I get so upset everytime I drive by.. I am going to take a different route when I go to the bank. I can't stand to see dogs treated that way but unfortunately it is legal and they aren't running loose.
Unfortunately there will always be people like this. I think God will deal with them when their time comes.


----------



## magiclover (Apr 22, 2008)

Linda I am sorry to hear that. It must be so frustrating to be so close and then have such a terrible thing happen. Poor Smokey. I fear for those Newf dogs also. I hope they know how big they get.


----------



## fostermom (Sep 6, 2007)

How sad. At least you tried. Poor Smokey.


----------



## Loboto-Me (Nov 13, 2008)

Poor smokey  and now the worrying starts for the Newfs  . I still believe that ALL potential pet owners should have to go through psychological testing and classes before they get a license to be allowed a live creature in their care. That goes for potential parents too. 

So sad


----------



## Swanolck (Jan 17, 2007)

I too feel so bad for Smokey. Prayers being sent that someone up above is watching out for the Newfs.


----------



## NuttinButGoldens (Jan 10, 2009)

They don't deserve another dog. I'll just leave it at that. I get so riled up when I read stuff like this.


----------



## goldensmum (Oct 23, 2007)

Sleep softly Smokie - 

The same sentiment is not being wished on his "owners"


----------



## sharlin (Feb 26, 2007)

Play Hard Sweet Boy

Don't ever lose faith in what you're doing. There's ALWAYS another one that needs to be saved from their environment. Keep the ones you lose close to your heart - and the ones you save even closer.


----------



## paula bedard (Feb 5, 2008)

I hope Smokey is being treated kindly wherever he is...I doubt the 'hit by a car' story too. So sad.


----------



## Jackson'sMom (Oct 13, 2007)

This just makes me sick. RIP, Smokey.


----------



## Ardeagold (Feb 26, 2007)

That's just horrible. Poor little Smokey.

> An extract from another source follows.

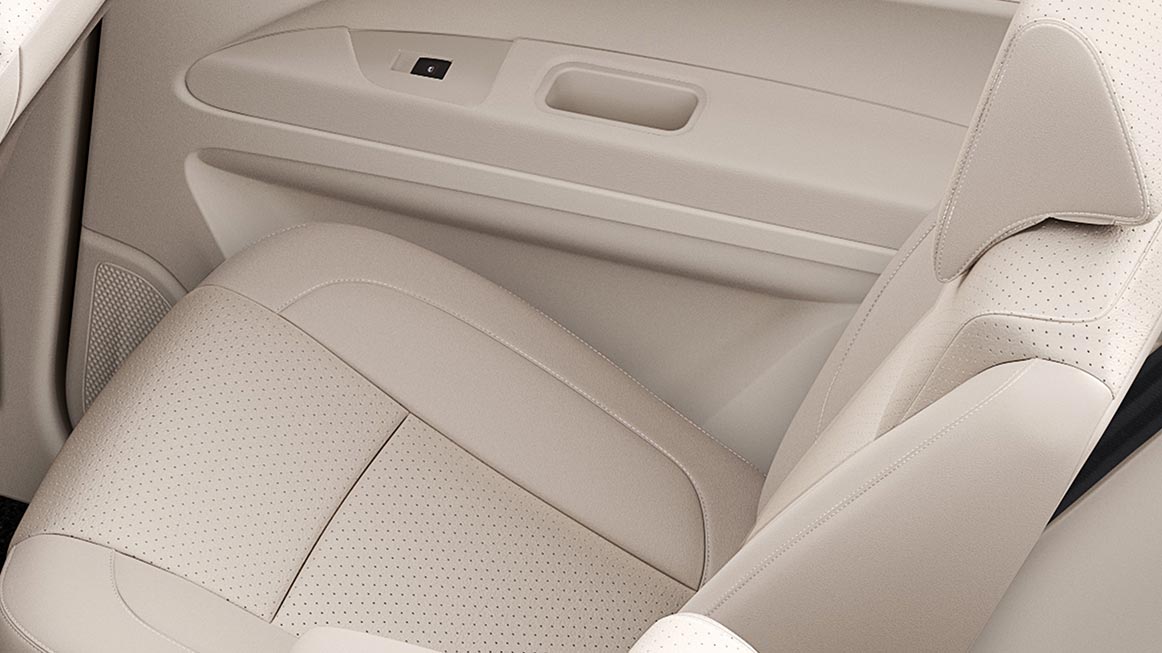 Premium dual tone interiors with a piano black dashboard, pearl white and chrome finishes.

And whoever sold him the Newf(s) certainly didn't do his/her research. I hope the neighbor keeps an eye on them too. And if anything like that happens again...call animal control/the police, etc. And keep track (in writing) of everything. Including this.

RIP Smokey.


----------



## Thor0918 (Feb 28, 2008)

Ardeagold said:


> That's just horrible. Poor little Smokey.
> 
> And whoever sold him the Newf(s) certainly didn't do his/her research. I hope the neighbor keeps an eye on them too. And if anything like that happens again...call animal control/the police, etc. And keep track (in writing) of everything. Including this.
> 
> RIP Smokey.


You have a great point. The one great thing our responsible breeders do for us is check out potential owners! This is a good thing for all dogs. I know my breeder wouldn't let me take Leo until she met my husband. Of course he clinched the deal. But, back to my point. We all talk about hips, elbows, heads and stuff but, I think this part of a breeder's job is as important if not more important! Thanks to all of you out there that help to keep our puppys safe!!!


----------



## AcesWild (Nov 29, 2008)

This makes me so sad! But so grateful I got Rebel before they found someone to put him to sleep. I hate people that just get sick of their dogs and think they can get rid of them! It breaks my heart.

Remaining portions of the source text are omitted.